Publisher: Cornell University Press
ISBN: 1501703803
Category : Literary Criticism
Languages : en
Pages : 348
Book Description
The Italian scholar and poet Francesco Petrarch (1304–1374) is best remembered today for vibrant and impassioned love poetry that helped to establish Italian as a literary language. Petrarch inspired later Renaissance writers, who produced an extraordinary body of work regarded today as perhaps the high-water mark of poetic productivity in the European West.

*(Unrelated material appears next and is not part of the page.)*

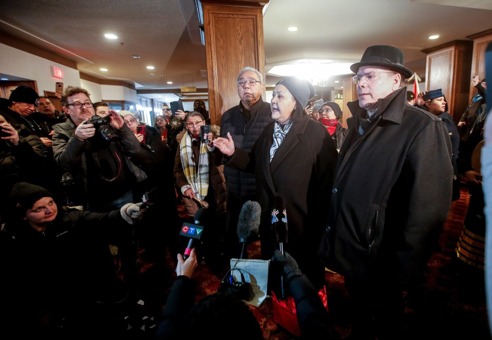 As a large crowd of protesters sang Indigenous songs, pounded drums and called for justice in the lobby, a separate group split off and went downstairs.

These "Petrarchan" poets were self-consciously aware of themselves as poets—as craftsmen, revisers, and professionals. As William J. Kennedy shows in Petrarchism at Work, this commitment to professionalism and the mastery of poetic craft is essential to understanding Petrarch’s legacy. Petrarchism at Work contributes to recent scholarship that explores relationships between poetics and economic history in early-modern European literature. Kennedy traces the development of a Renaissance aesthetics from one based upon Platonic intuition and visionary furor to one grounded in Aristotelian craftsmanship and technique. Their polarities harbor economic consequences, the first privileging the poet’s divinely endowed talent, rewarded by the autocratic largess of patrons, the other emphasizing the poet’s acquired skill and hard work. Petrarch was the first to exploit the tensions between these polarities, followed by his poetic successors. These include Gaspara Stampa in the emergent salon society of Venice, Michelangelo Buonarroti in the "gift" economy of Medici Florence and papal Rome, Pierre de Ronsard and the poets of his Pléiade brigade in the fluctuant Valois court, and William Shakespeare and his contemporaries in the commercial world of Elizabethan and early Stuart London. As Kennedy shows, the poetic practices of revision and redaction by Petrarch and his successors exemplify the transition from a premodern economy of patronage to an early modern economy dominated by unstable market forces.